# The problem:
Print the data exactly as written, but leave out each picture.

# Dataset content:

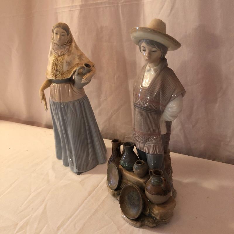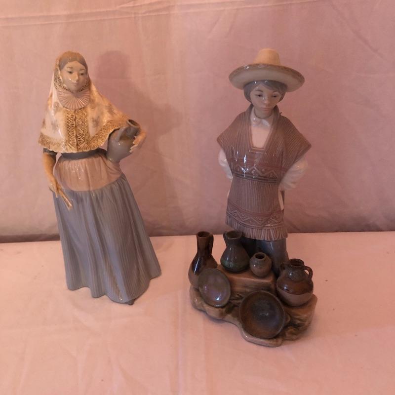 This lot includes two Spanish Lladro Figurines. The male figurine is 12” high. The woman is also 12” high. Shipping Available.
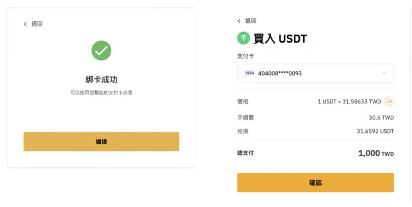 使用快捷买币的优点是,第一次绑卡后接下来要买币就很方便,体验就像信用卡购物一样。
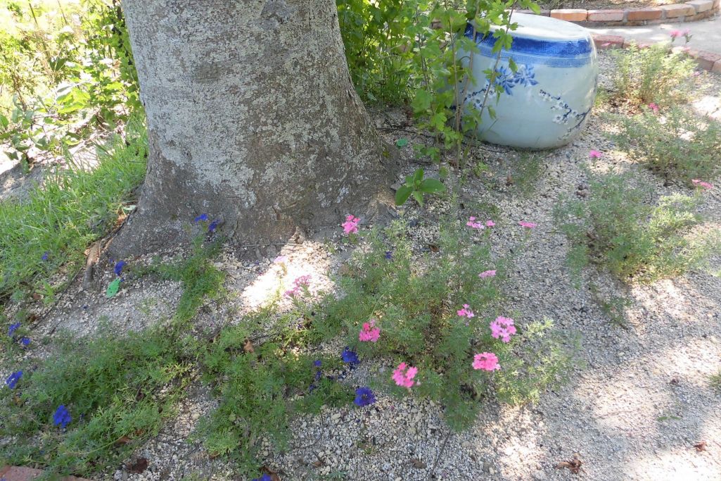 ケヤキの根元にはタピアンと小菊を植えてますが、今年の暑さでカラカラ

# Solution to this problem:
 This lot includes two Spanish Lladro Figurines. The male figurine is 12” high. The woman is also 12” high. Shipping Available.
 使用快捷买币的优点是,第一次绑卡后接下来要买币就很方便,体验就像信用卡购物一样。
 ケヤキの根元にはタピアンと小菊を植えてますが、今年の暑さでカラカラ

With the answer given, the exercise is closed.